__Data segment__.

Start of Block

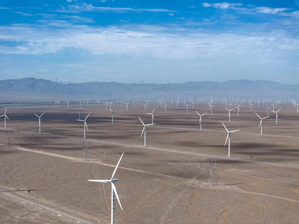 在玉門(mén)市西南的戈壁灘上,有一大片白色的“風(fēng)電森林”,這就是素有“陸上三峽”之稱(chēng)的酒泉千萬(wàn)千瓦級風(fēng)電基地。
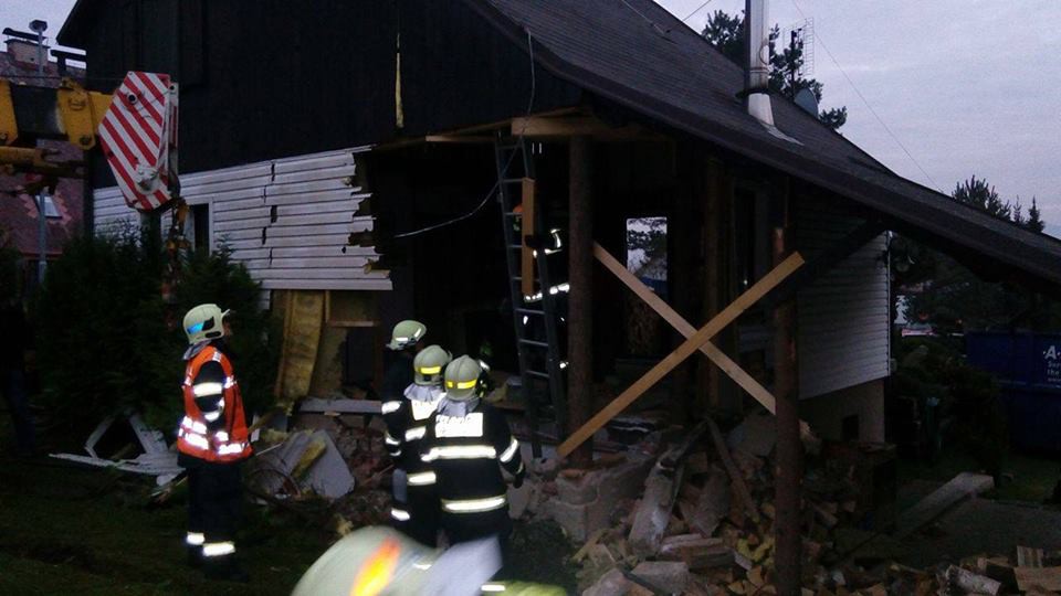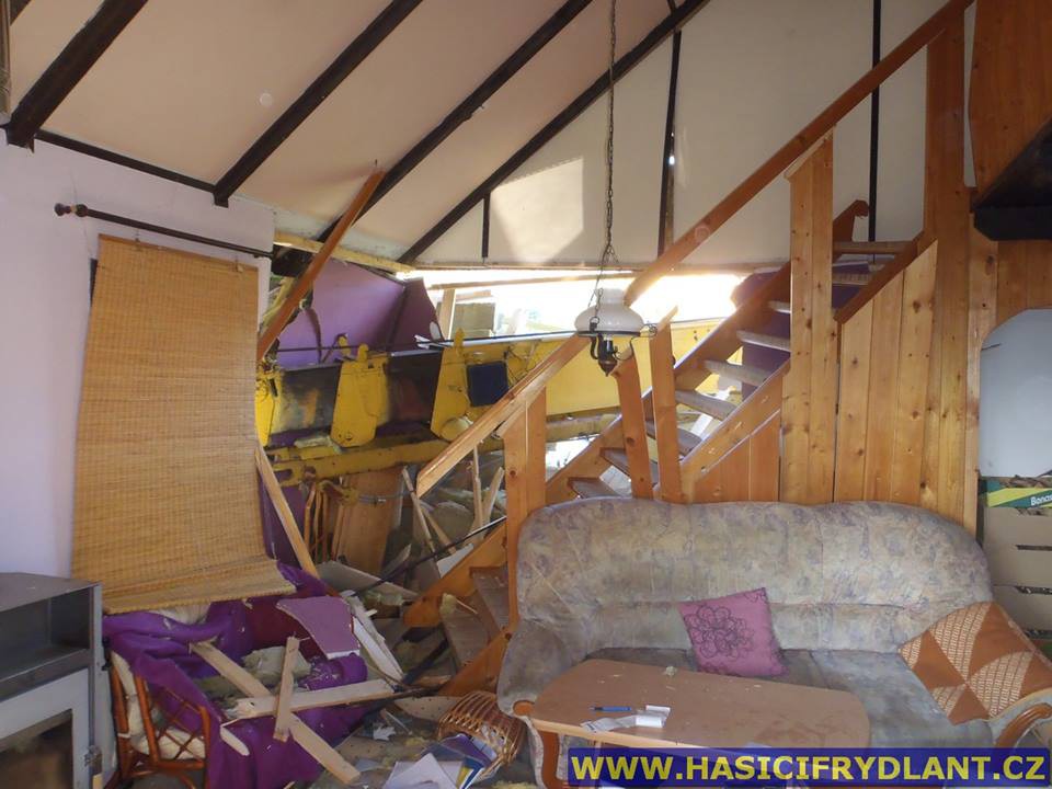 Jeřáb skončil v rodinném domě
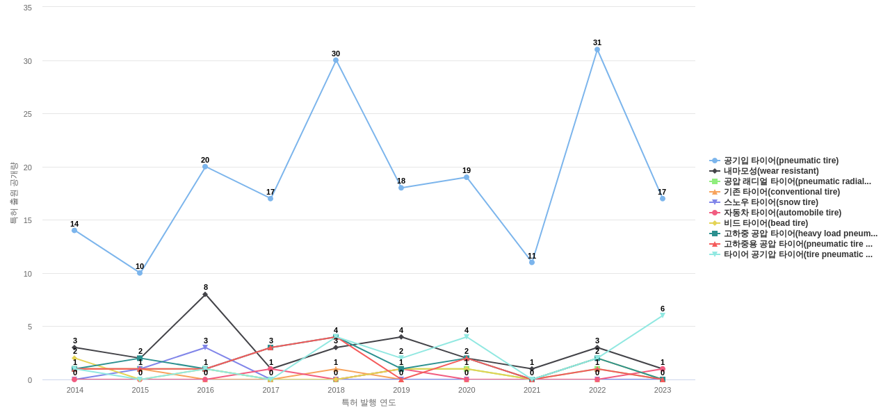 3) [제품 기획 조직]/[마케팅 조직] 금호타이어의 최신 특허를 분석하여, 그 기업의 근 미래 제품/서비스에 반영될 포함된 부품, 소재-물질, 기능-작용, 컨셉 표현 키워드를 early stage에서 i) 센싱하고, ii) 조직적으로 전파하고, iii) 전략적인 대응을 수행해야 하지 않을까요?

End of Block

__Description of the task__.
In the copy, only the lines from the one holding "Jeřáb skončil v rodinném domě" through the end of the listing above should appear, retyped exactly, both ends included, with no pictures.

__The answer__.
 Jeřáb skončil v rodinném domě
 3) [제품 기획 조직]/[마케팅 조직] 금호타이어의 최신 특허를 분석하여, 그 기업의 근 미래 제품/서비스에 반영될 포함된 부품, 소재-물질, 기능-작용, 컨셉 표현 키워드를 early stage에서 i) 센싱하고, ii) 조직적으로 전파하고, iii) 전략적인 대응을 수행해야 하지 않을까요?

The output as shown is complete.